How committed am I? Today my mother offered me a ride home from her place (we live maybe 2 miles apart). I was adamant: I had come prepared to walk: sneakers, hat, backpack, bottle of water... I was ready. For a moment, I thought, oh man, I could be home in ten minutes, well, five the way my mother drives. I shook my head. “No, thanks, I'll walk,” I said and set off on my journey.

What could go wrong? Heat exhaustion, strained knees, twisted ankle, upset stomach...I was sweating by the time I reached the end of her street, but I kept going, thinking, if it really gets rough, I can catch a bus part way.

I wandered through Montavilla Park, taking pictures with my old digital camera. The park has changed since I was a kid. The trees are bigger. The swings are gone, replaced by a fancy plastic structure swarming with screaming children. The outdoor pool was still there, not quite as big as I remembered it, crowded with splashing kids and parents. The sun was hot. The grass was green, dotted with little white flowers we used to string into bracelets and necklaces.
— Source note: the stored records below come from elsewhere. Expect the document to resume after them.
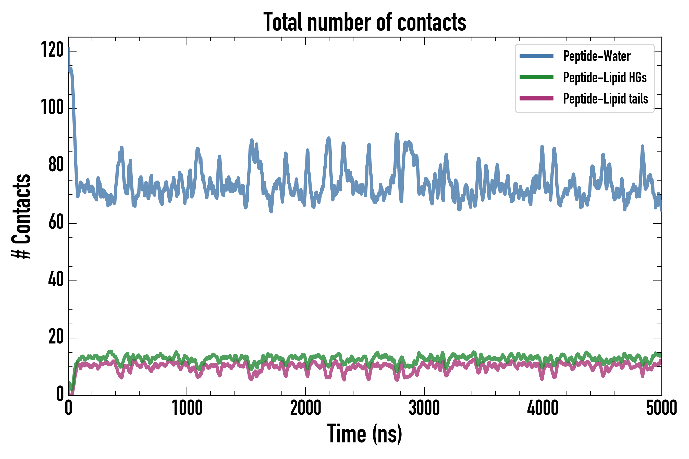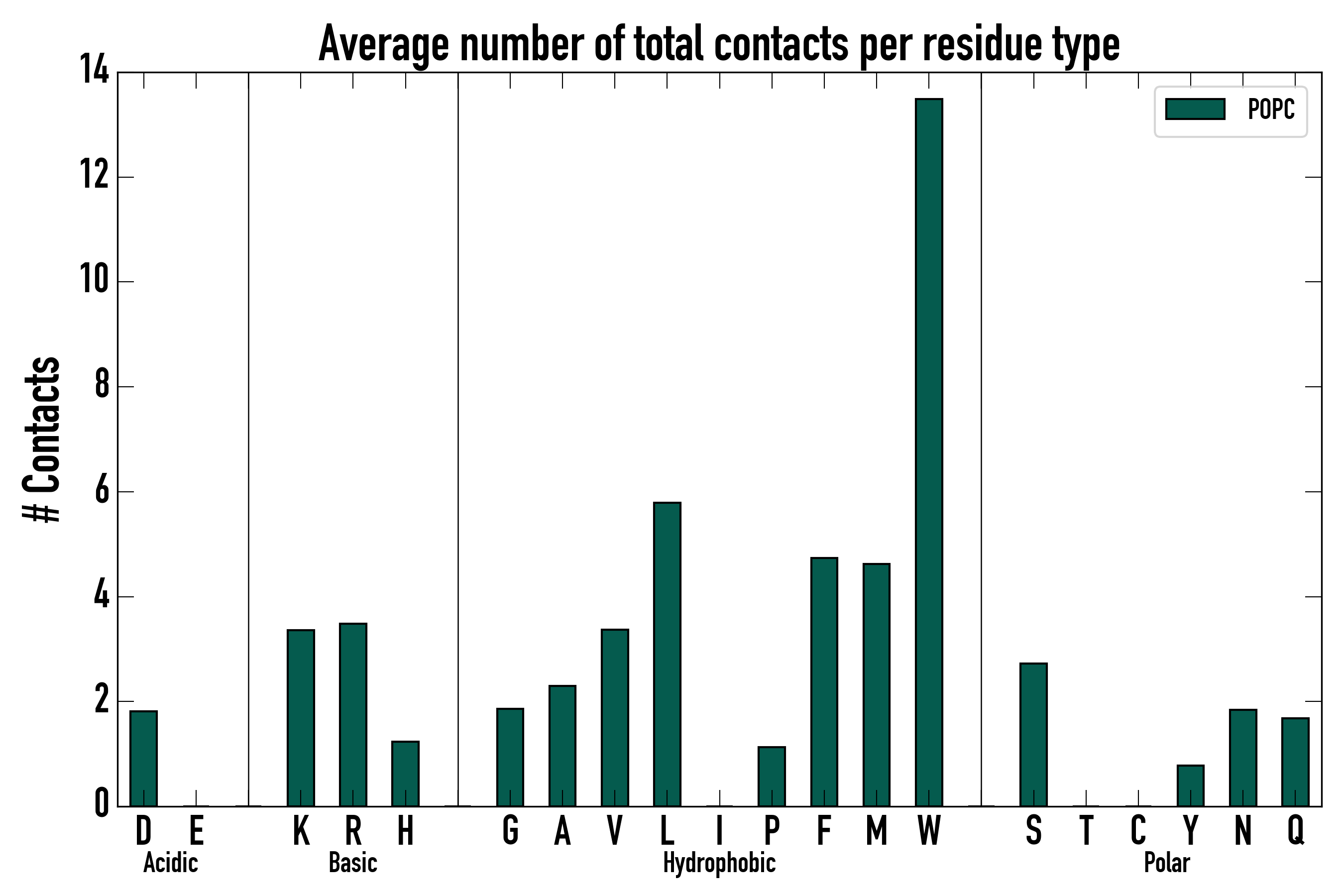Number of contacts between each residue of the peptide backbone and the different lipid types, averaged over the last microsecond and using a cut-off of 0.6 nm.
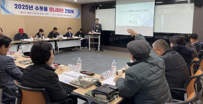 양산시 상하수도사업소는 26일 양산비즈니스센터에서 2025년 수돗물 모니터단 간담회를 개최하고 수돗물 관련 주요 현안과 정수장 수질관리 체계 및 운영 현황을 설명했다고 밝혔다.
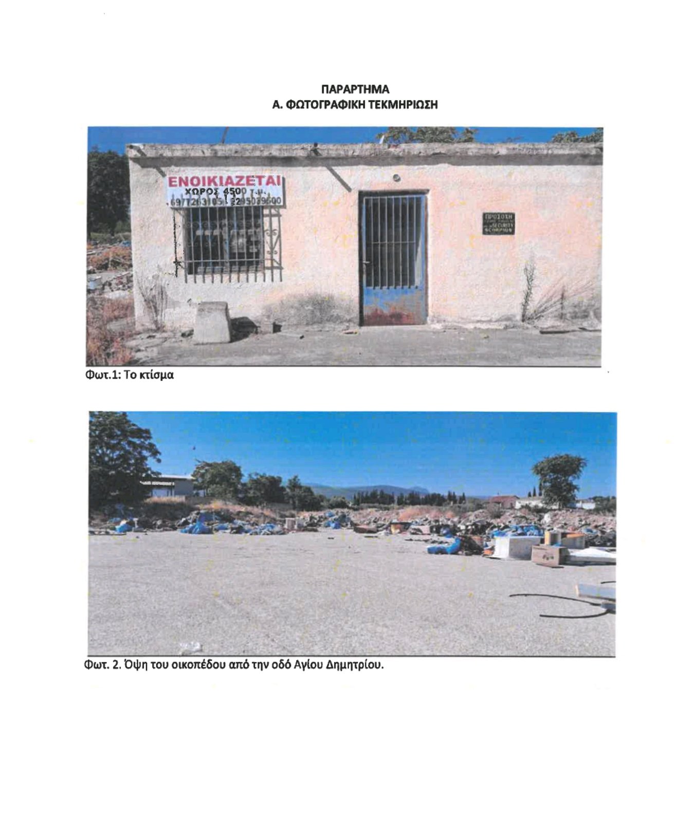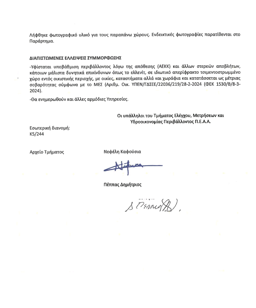 - Καταγράφηκε ανεξέλεγκτη απόρριψη στερεών αποβλήτων σε έκταση περίπου 3 στρεμμάτων, καλύπτοντας τουλάχιστον το 20% του οικοπέδου.

The world looks different at street-level. Walking offers time to think about what I'm seeing. It also gives me time to think about my mother and her recent declaration that life is no longer worth living and she wishes she were dead. I responded by making an appointment for her to see her doctor. Now she has a prescription for an anti-depressant. I hope she'll be willing to move into the retirement community in a few months.

Down the boulevard is the elementary school I attended in the late 1960s. The windows are new, but the brick walls are the same red-brown I remember. A tall chimney tethered with guy wires in case of earthquake pokes up into the sky (has that chimney always been there?). I crossed the wide playground in back of the school, snapping photos, and found the three ancient wooden portables still standing. These were supposedly temporary buildings set up to ease the overcrowding of little Baby Boomers. I remember practicing air raid drills in 1962, marching from the portable into the big brick building, sitting cross-legged with my face turned to the wall, one anxious child in a row of anxious children, waiting for the atomic bomb.

The hardest part of the walk was the final stretch, the trek uphill to the Love Shack. It's a long, fairly steep hill, which may account in part for why my old car died an early death: I felt my own internal carburetor overheating as I trudged, one step at a time, fighting gravity, sweltering in the sun, gasping in the shade, stumbling over curbs, until I reached the top, where my dusty dead car sat with its butt against the hedge, nose out, waiting for the tow truck.

In addition to being a professional pedestrian, I'm now officially old. Today I ordered a wheeled cart to pack my groceries home. It's red.